Looking at the feral toddlers in the park, I must consider that similar lessons are being learned here. They seem abandoned, but perhaps they are being taught not to waste their bullets on pointless anxieties. By being given as long a leash as Child Welfare allows, they are discovering that life is risk. More importantly, they are learning that they are trusted, and that they can therefore trust themselves. Before my alarmed eyes, they are growing a spine.

But my unease remains. It seems unjust that these children are learning lessons from women who should be raising their own children instead of leaving them in a township with an over-taxed grandmother. I also wonder: when the parents of these children go off to work in the morning, what do they imagine is about to happen? Do they picture a kind of antebellum idyll, with big black Mammy cooing over their honey-chile, hoping that the vast divide in personal freedoms can be ignored in a haze of nurturing? Do they have an inkling of this Lord of the Flies setup, and are secretly hoping that their township mother might inflict some of the tough love on their child that they themselves are too squeamish to offer?
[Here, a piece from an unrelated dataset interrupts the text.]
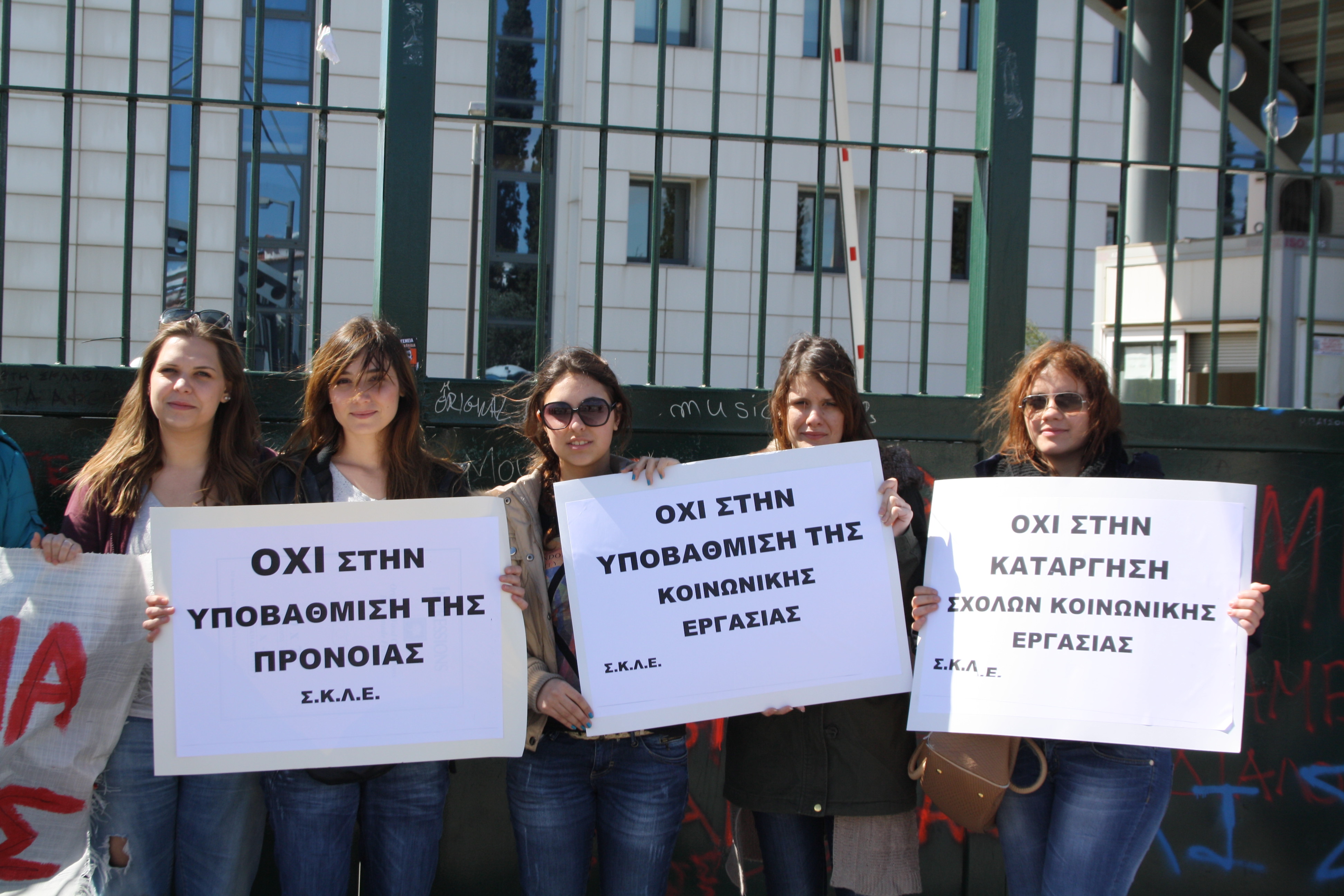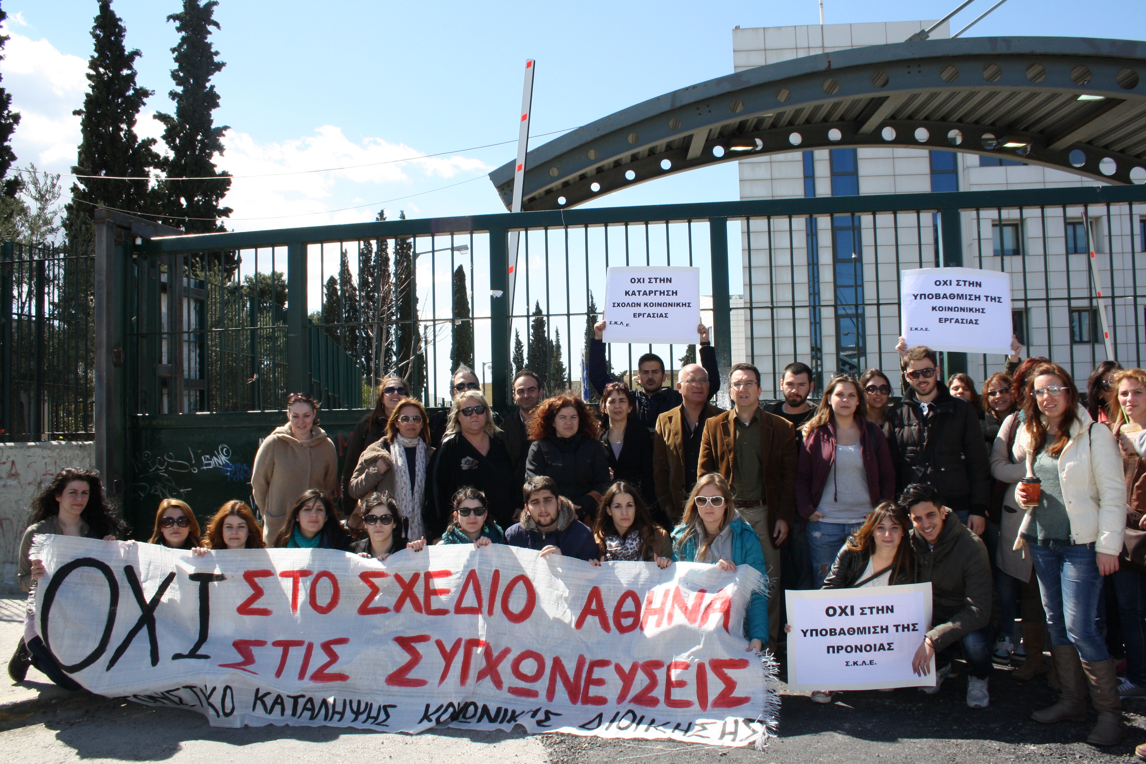 Οι καθηγητές και οι σπουδαστές επισημαίνουν ότι «στο Σχέδιο «Αθηνά» που στην τελική του μορφή δόθηκε στη δημοσιότητα την Τετάρτη 20 Μαρτίου περιλαμβάνονται ρυθμίσεις που καταργούν και υποβαθμίζουν την εκπαίδευση των Κοινωνικών Λειτουργών. Με τις ρυθμίσεις αυτές καταργούνται οι δύο από τις τέσσερις σχολές Κοινωνικής Εργασίας: το τμήμα Κοινωνικής Εργασίας του ΑΤΕΙ Πάτρας και η κατεύθυνση Κοινωνικής Εργασίας του Δημοκρίτειου Πανεπιστημίου στη Κομοτηνή. Με τον τρόπο αυτό κλιμακώνεται η πολιτική των οριζόντιων περικοπών και της λογιστικής αντίληψης που εφαρμόζεται στις υπηρεσίες υγείας και πρόνοιας με άμεση συνέπεια την αδυναμία του Κράτους Πρόνοιας να παίξει τον ιδιαίτερο ρόλο του σε μία περίοδο με έντονα τα χαρακτηριστικά της ανθρωπιστικής κρίσης.
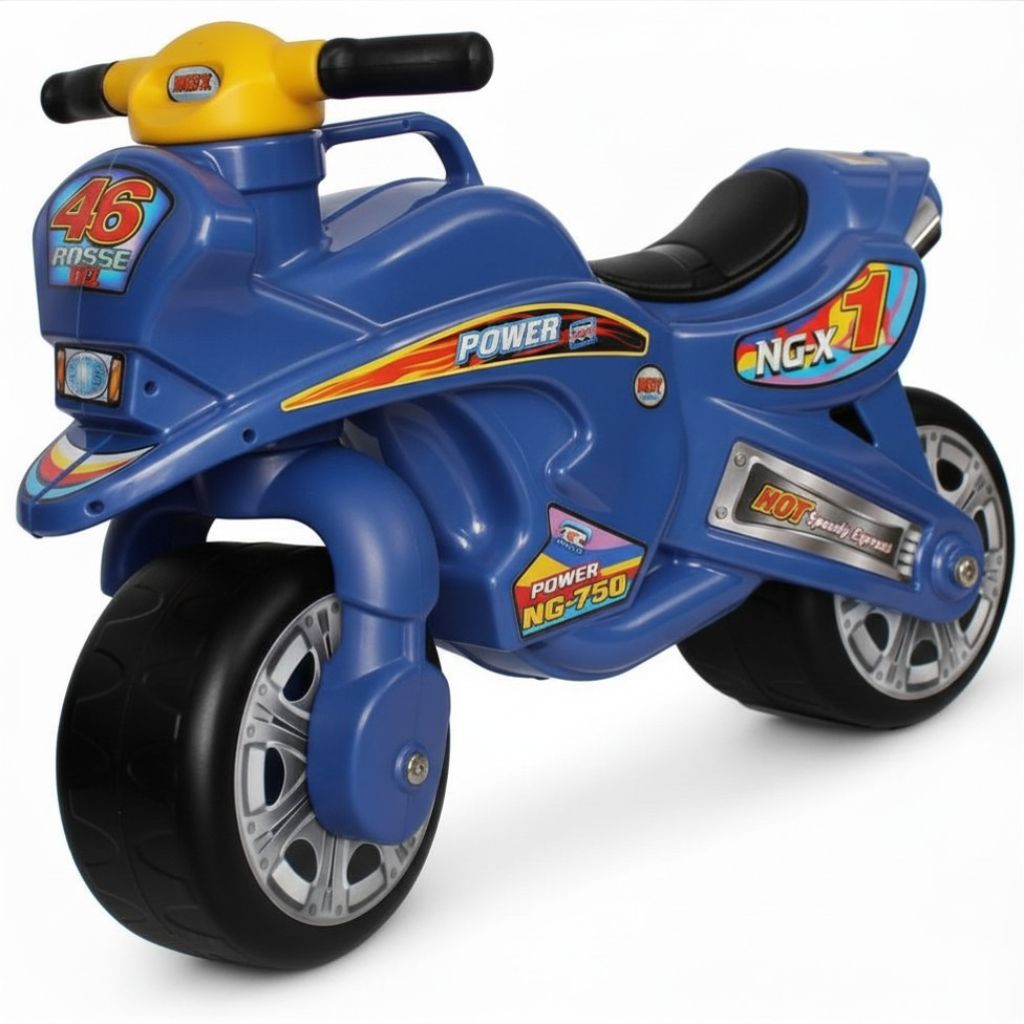 Motocicleta are dimensiuni aproximative de 68x25x50 cm, oferind confort si usurinta in utilizare pentru copiii cu varsta intre 1 si 3 ani. Constructia stabila si rotile rezistente contribuie la siguranta in timpul deplasarii, iar materialul din plastic durabil asigura o utilizare indelungata.

Or is it something in between, a complex relationship that fluctuates between guilt, gratitude, pragmatism and denial?

Whatever the relationship is, it ends; and when it ends, it is left unresolved. We discuss the politics of employing poor black women to raise comfortable white children; we engage with the economics of it. But somehow the psychology of it, of having a second mother who is then sent away by one’s first mother, remains unspoken. Perhaps those who have had nannies don’t know how to talk about that strange vanishing in their pasts, because it was long ago and tinged with loss they don’t understand. I still remember how Priscilla smelled; of Vaseline and Zambuck, now and then of snuff. But I can’t remember why she left, or whether or not I told anyone that I was sad to see her go. For white children, that relationship ends in silence; but the sound of silence lingers on for years.

The toddlers in the shrubbery are being infected with life but also imbued with a sense of belonging to an African mother, to an African whole. When they go home they will be scrubbed and disinfected. It would be nice if some of the soil remained inside them.